In [157]: arr = np.array(alist)
In [158]: arr.shape
Out[158]: (2, 2, 1, 3)
In [159]: arr[-1,]        # same as alist[-1]
Out[159]: 
array([[[0.86207845, 0.88895573, 0.62069196]],

       [[0.11475614, 0.29473531, 0.11179268]]])

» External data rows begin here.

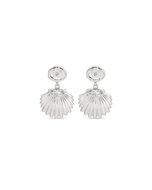 The Santorini Shell Drop Earrings feature a beautifully detailed scallop shell pendant, enhanced with sparkling cubic zirconia crystals. This elegant design adds a subtle coastal-inspired touch with a hint of glamour, perfect for elevating your style with a refined and unique look.
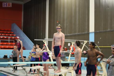 What has contributed to this fantastic record is the ability to place swimmers in a variety of events. The team does not have to rely on just a few individuals time and again. All of the swimmers are willing to swim the different events and step up in places that the team needs them to. This is not to say that we don’t have some stand out performances. The second meet of the year saw three team records and one league record broken. Medway sophomore Corinne Carbone broke her own 100 yard butterfly team and league record (which she would later best two more times), Holliston freshman Will Hein broke the team record in the 100 yard breaststroke, and the 400 yard freestyle relay team of Holliston freshmen Sanjay Sekar, George Savino, sophomore Marc Plumb, and Medway senior Nick Dunne broke the team record. Not to stop there, a trio of Holliston freshman, Sekar, Hein, and Savino, and one sophomore, Plumb broke the 200 medley relay team record and once again took down the 400 yard freestyle relay mark. In addition to our swimmers the team has two divers who earn crucial points every meet. For the divers it is either their first or second year in that role. You would not guess that by watching what they do on that board every week. It is not an easy feat to step up on that diving board and be the center of attention while trying to complete a difficult dive you might have just learned.
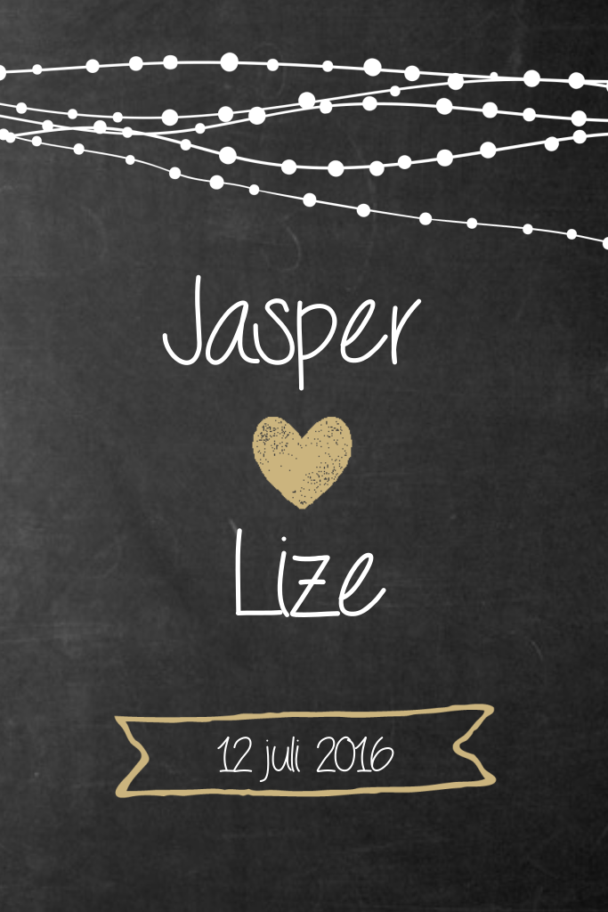 Sfeervol trouwkaartje met lampjes slinger
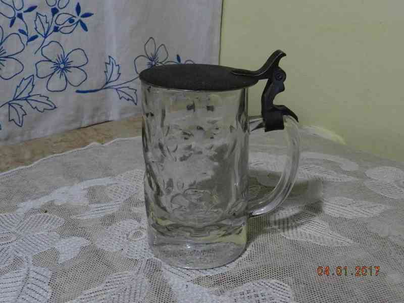 Starý masivní skleněný korbel mosazný poklop, cejch 0,3l.
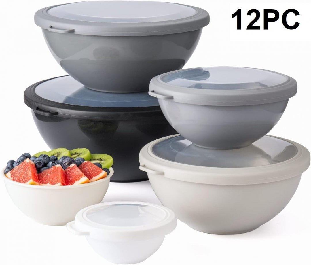 12PC Cook with Color Mixing Bowls with TPR Lids - 6 Prep Bowls and 6 Lids - MULTICOLOR (MODEL: YHMB1202)

If we concatenate on one of the dimensions:如果我们在其中一个维度上concatenate

In [160]: arr = np.concatenate(alist, axis=1)
In [161]: arr
Out[161]: 
array([[[0.85221826, 0.56088315, 0.06232853],
        [0.86207845, 0.88895573, 0.62069196]],

       [[0.0966469 , 0.89513922, 0.44814579],
        [0.11475614, 0.29473531, 0.11179268]]])
In [162]: arr.shape
Out[162]: (2, 2, 3)     # note the shape - that 2nd 2 is the join axis
In [163]: arr[:,-1]
Out[163]: 
array([[0.86207845, 0.88895573, 0.62069196],
       [0.11475614, 0.29473531, 0.11179268]])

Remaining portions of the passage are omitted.